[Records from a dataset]
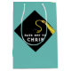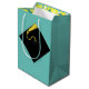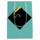 Creative graduation gift bag featuring creative black and gold cap design on teal blue background. To personalise edit text to add name of grad.
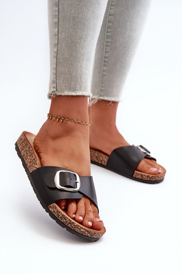 Klapki Damskie Na Korkowej Platformie Z Klamrą Czarne Moaxi
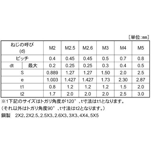 寸法(mm)d:M2.5 | 寸法(mm)L:4 | ねじ長さ(mm):4 | 材質・仕上げ:鉄(または標準) | 表面処理:三価ブラック | 単位:…
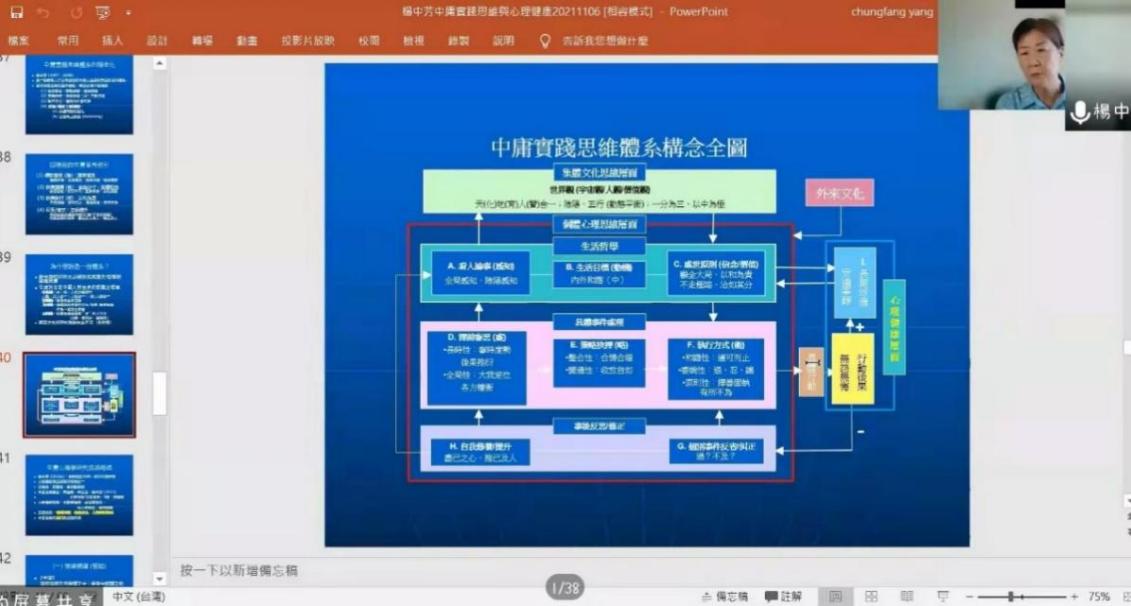 首先,杨中芳教授从现时中国心理学的研究进路出发,反思主流跨文化进路的问题,提出中国心理学的发展需要文化意义系统来解读行动现象的心理意义,并引出报告主题——中庸实践思维与心理健康。接着,针对报告的主题,分别从“什么是中庸实践思维”、“为什么说中庸实践思维与心理健康有关”、“中庸心理学研究的加持”、“中庸心理咨询与治疗程序”和“中庸实践思维的培养:教导与体知”这五个方面进行了详细的阐述,引发同学们对心理学本土化研究的兴趣,并带给同学们一些关于本土化研究的思路。
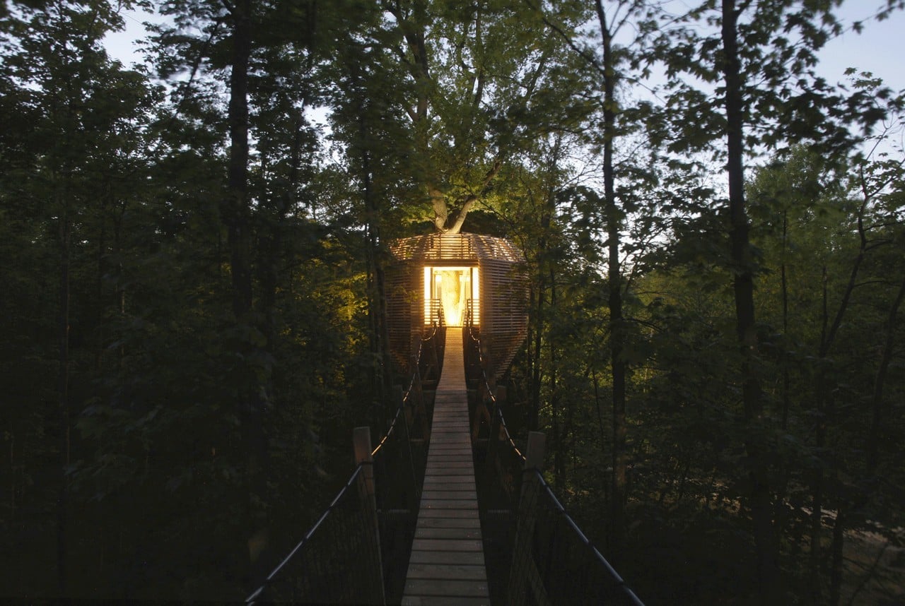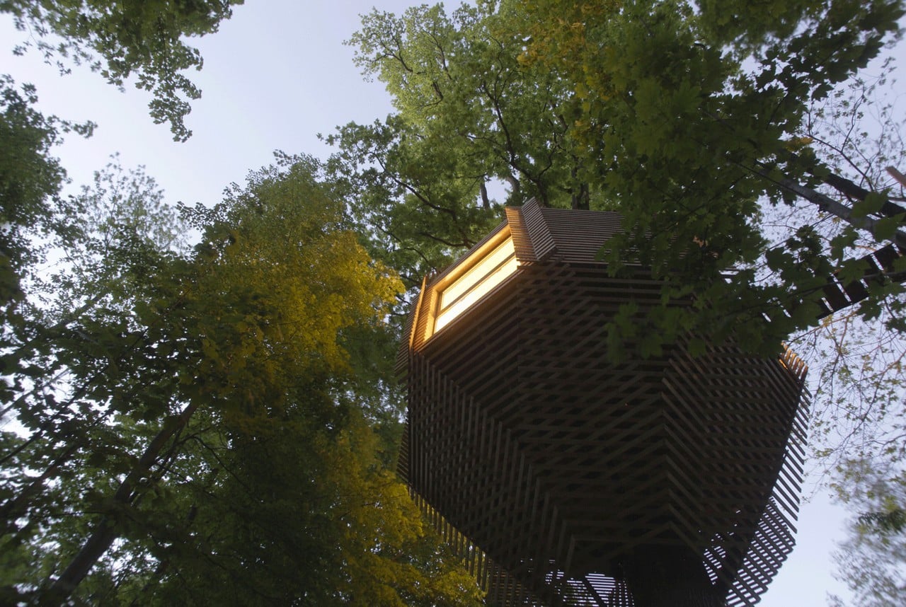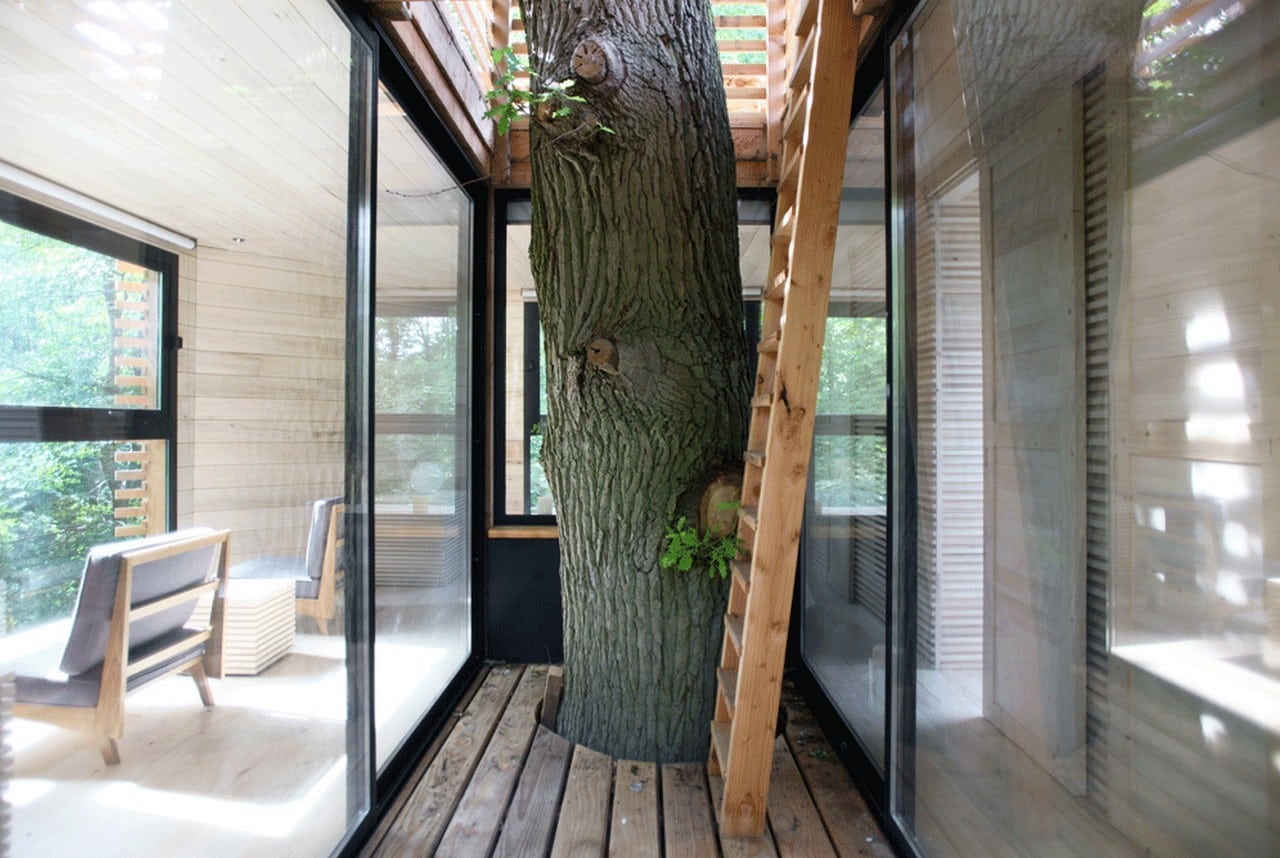 Constructed around a 100-year-old oak tree in Raray, France, the Origin Treehouse was created as a functional and comfortable hotel room that offers an intimate connection with nature and stunning treetop views.

ABOUT THIS TASK — All entries must come back exactly as written, though without their pictures.

TASK RESPONSE —
 Creative graduation gift bag featuring creative black and gold cap design on teal blue background. To personalise edit text to add name of grad.
 Klapki Damskie Na Korkowej Platformie Z Klamrą Czarne Moaxi
 寸法(mm)d:M2.5 | 寸法(mm)L:4 | ねじ長さ(mm):4 | 材質・仕上げ:鉄(または標準) | 表面処理:三価ブラック | 単位:…
 首先,杨中芳教授从现时中国心理学的研究进路出发,反思主流跨文化进路的问题,提出中国心理学的发展需要文化意义系统来解读行动现象的心理意义,并引出报告主题——中庸实践思维与心理健康。接着,针对报告的主题,分别从“什么是中庸实践思维”、“为什么说中庸实践思维与心理健康有关”、“中庸心理学研究的加持”、“中庸心理咨询与治疗程序”和“中庸实践思维的培养:教导与体知”这五个方面进行了详细的阐述,引发同学们对心理学本土化研究的兴趣,并带给同学们一些关于本土化研究的思路。
 Constructed around a 100-year-old oak tree in Raray, France, the Origin Treehouse was created as a functional and comfortable hotel room that offers an intimate connection with nature and stunning treetop views.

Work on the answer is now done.